The Deniliquin feature is located beneath the Murray Sedimentary Basin and partly beneath the Darling Sedimentary Basin, and centered about 32 km northwest of Deniliquin. The principal features of the Deniliquin structure are a multiple ring total magnetic intensity (TMI) pattern with the minimal TMI ring radius of 260 km; a central quiet magnetic zone; circular Bouguer gravity patterns; an underlying mantle Moho rise about 10 km shallower than under the adjacent Tasman orogenic zone; and radial faults associated with magnetic and demagnetized anomalies. The above features suggest that the Deniliquin feature is a root zone of a large impact structure, a multi-ring impact basin. Its existence was proposed by Anthony Yeates somewhere between 1995 and 2000, based upon the magnetic patterns in the area. A 2022 paper by Glikson and Yeates further supports this suggestion based on recent geophysical data, drill-hole samples and airborne magnetic data. As of 2023, most evidence comes from the surface data.
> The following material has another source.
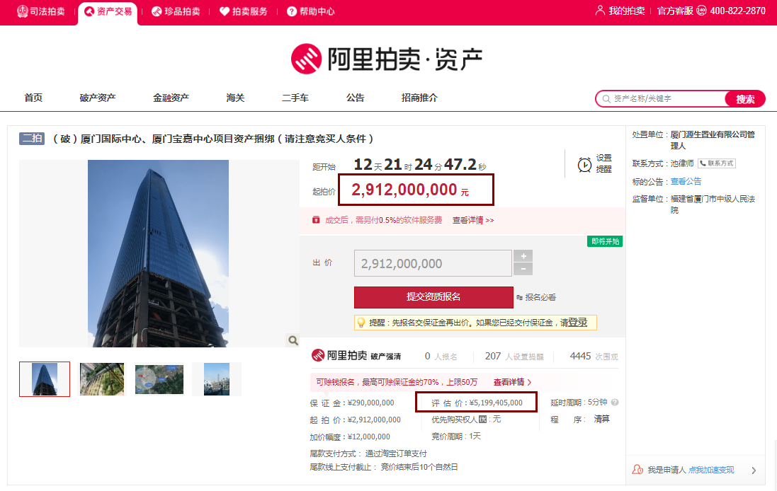 原标题:“厦门第一高楼”二次拍卖!起拍价29.12亿,打了近6折暂无人报名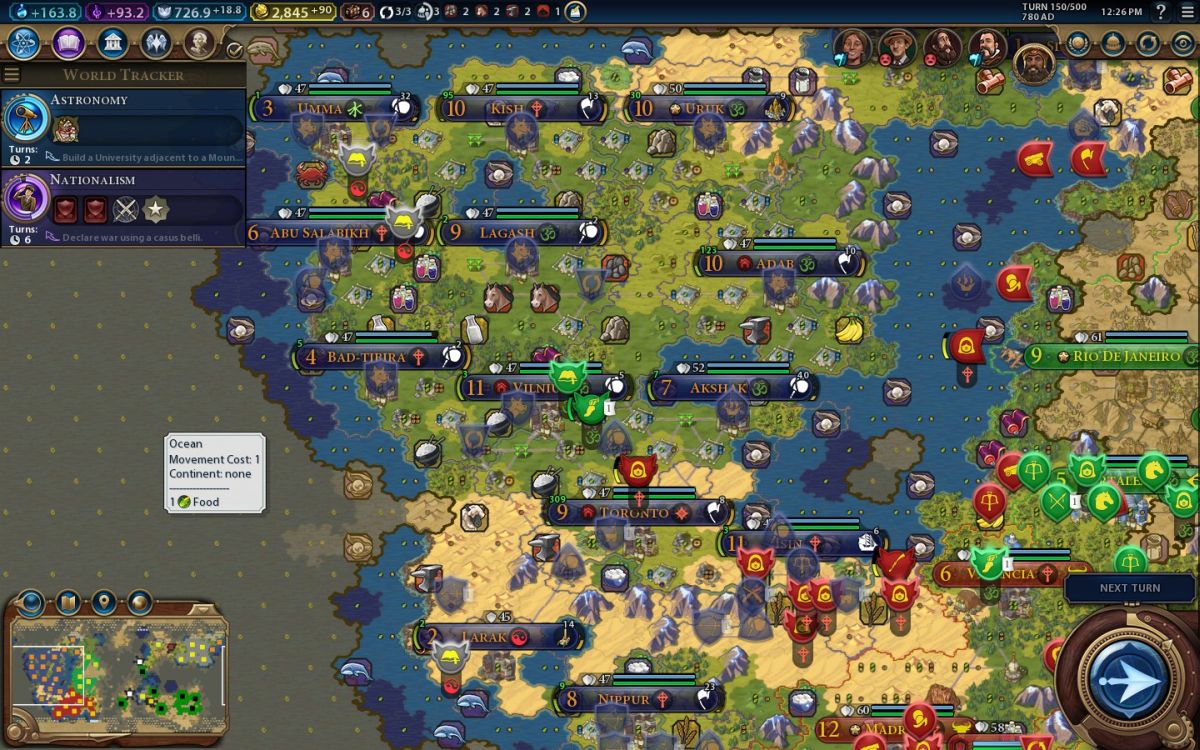 I knew that there would be diplomatic repercussions for attacking Hattusa, I simply hadn't expected them to be so ludicrously overblown. Nevertheless, it was still the right decision to remove the city state from the playing field. I could not have Pedro gaining so much science for free on his Campus districts for the rest of the game. Taking out Hattusa needed to be done if I were going to slow down the AI leaders enough for me to reach space first. However, the diplomatic fallout would make things significantly more dangerous going forward. I could no longer count on my neighbors remaining peaceful as I advanced into the later stages of the gameplay.

Further confirmation of the suggestion would require further deep drilling.

==Dating==
Its age is estimated between 514±5 Ma and 427–417 Ma. It was likely located in eastern Gondwana before it split off Australia. Glikson suggests that it could have triggered the c. 1.4-million-year-long Late Ordovician (Hirnantian) glaciation and the corresponding mass extinction event (445.2 and 443.8 Ma), which eliminated about 85% of species.